Clinical factors associated with in-hospital death in pediatric surgical patients admitted to the neonatal intensive care unit: A 15-year single tertiary center experience
Journal of Pediatric Surgery Aug 14, 2017
Otake K, et al. – Authors planned this study to assess clinical characteristics and primary surgical diagnoses associated with in–hospital death in pediatric surgical patients admitted to the neonatal intensive care unit (NICU) of a tertiary hospital.

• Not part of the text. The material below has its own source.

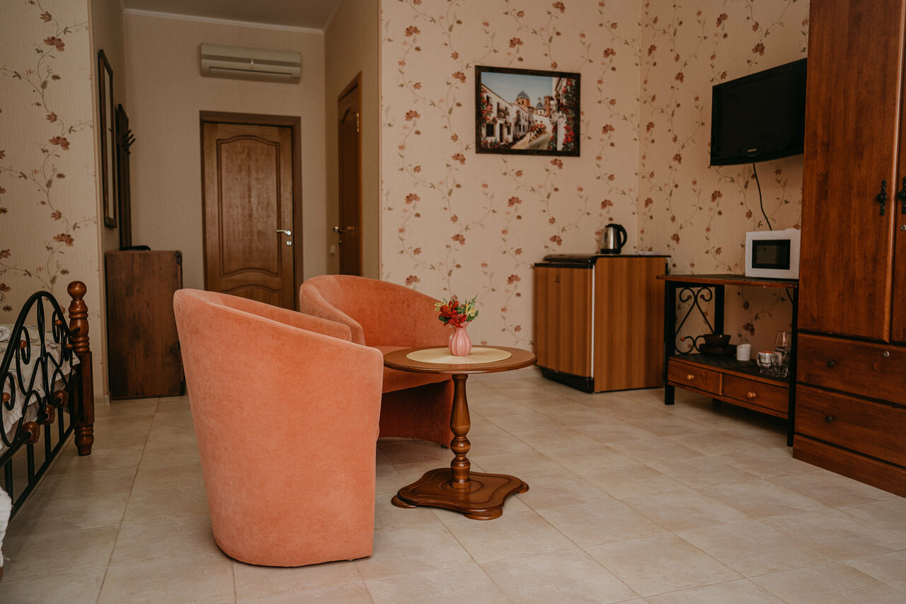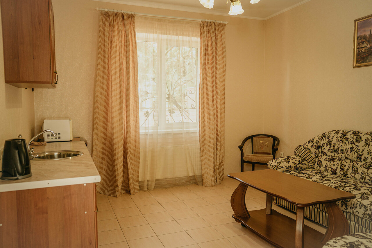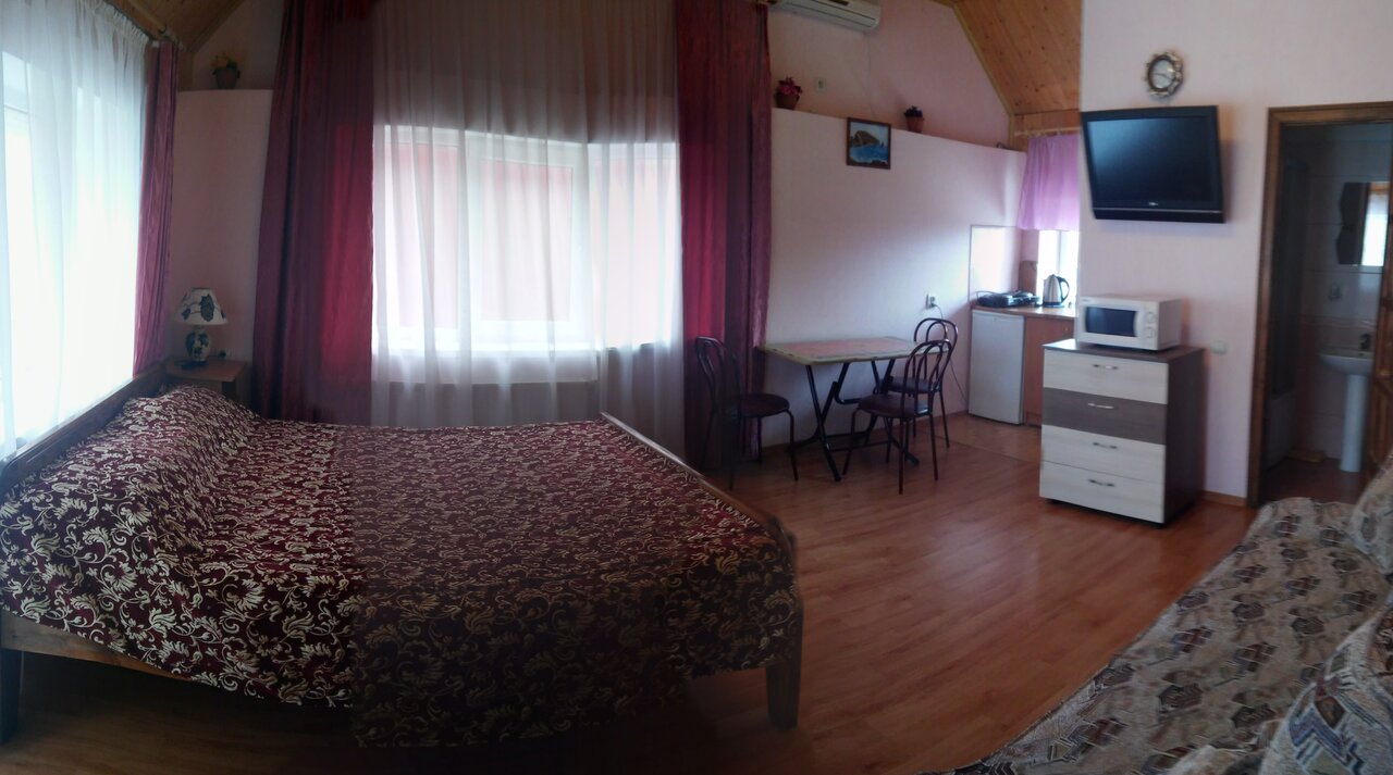 Прекрасный двухкомнатный номер с видом на море, чисто, комфортно. Это первый гостевой дом где есть кофемашина. В номере есть всё необходимое. Мы отдыхали 3 дня, но если бы была возможность остались бы ещё. Рекомендую!)

Findings demonstrated congenital diaphragmatic hernia (CDH), Necrotizing enterocolitis (NEC), and extremely low birth weight (ELBW) as independent predictive factors associated with in–hospital death of pediatric surgical patients in their NICU. This suggested the necessity for novel approaches for those conditions to improve the survival.
Methods
- Authors performed this retrospective study that included all patients admitted to their NICU for pediatric surgical diseases between January 2001 and December 2015.
- They undertook univariate and multivariate binary logistic regression to determine independent factors associated with in-hospital death.
Results
- Authors included 440 cases; 334 (83.5%) patients underwent one or more surgeries.
- 36 cases died (8.2%) while hospitalized in the NICU.
- Surgical diagnoses commonly identified were: intestinal atresia/stenosis, anorectal malformation, CDH, esophageal atresia, and urinary system disorder.
- NEC was observed associated with the highest mortality rate.
- Using logistic regression, ELBW (odds ratio (OR) = 6.594; P = 0.006), CDH (OR = 13.954; P < 0.001), and NEC (OR = 8.991; P = 0.049) predicted in-hospital death.